Many of us have had the experience of re-rooting ourselves, so to speak, in a different country. Some like myself have done this twice. It is never done without a sense of trepidation. Some will be looking forward one day to retracing their steps, others to living out the rest of their lives where they are and perhaps there are some also who may still for one reason or another envisage a further move to some land new to them. As those in Christ we know that however permanent we envisage our residence anywhere in this world to be, however “settled” our personal documents declare us to be, we can never altogether close our minds to the possibility that some day …  . 
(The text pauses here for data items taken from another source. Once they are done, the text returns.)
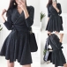 Fashion Solid Color Long Sleeve V-neck High Waist Knit Dress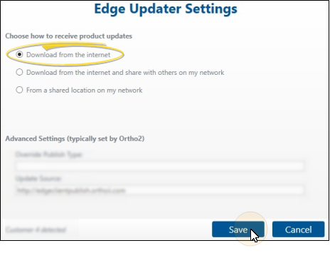 On your computer, open the Ortho2 > Edge > Edge Update Settings application.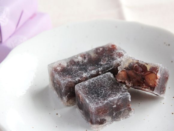寛永7年(1630年)創業の千鳥屋宗家が手がける、大納言小豆を寒天で固めたお菓子です。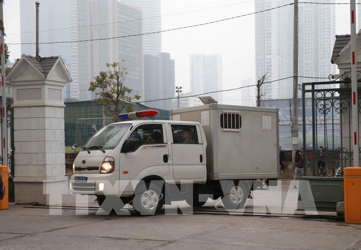 Cảnh sát dẫn giải các bị cáo đến tòa. Ảnh: Văn Điệp - TTXVN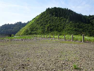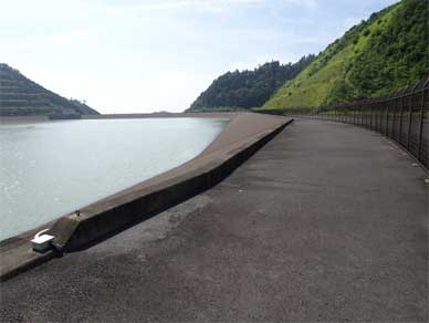 貯水池は池の縁から大型車両が通行できるくらいの幅をあけて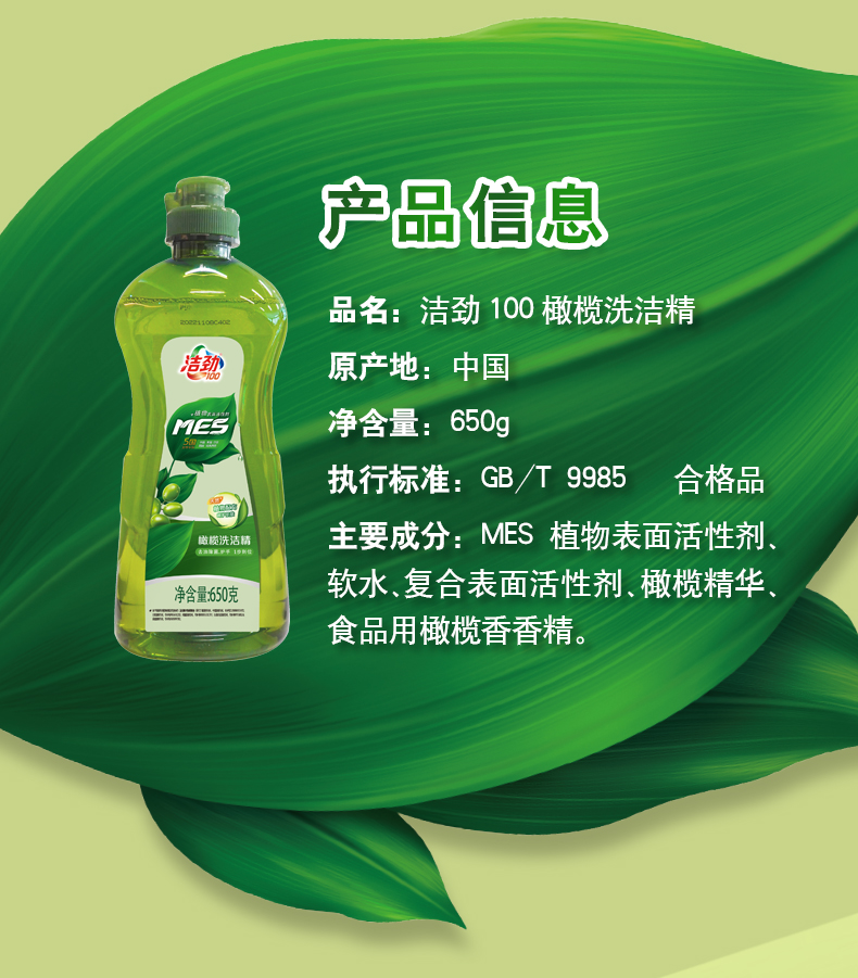 洁劲100橄榄洗洁精650G*1瓶

One thinks too of the worlds of those - so many - whose lives have been forcibly uprooted for one reason or another from the lands of their birth. Many, perhaps the majority of us who live in the hemisphere of the “New World” can think of their ancestors who were uprooted, either against their will or in response to the hideous intentions of others, from their homes, and who found themselves in a strange new world where all sorts of new learning had to take place for the sake of very survival. My own ancestral story seems very tame by comparison. I have no doubt that in some way the experiences of our ancestors live on in some way in the character traits of their descendants - us - no matter what evolutionary theory one may have imbibed. 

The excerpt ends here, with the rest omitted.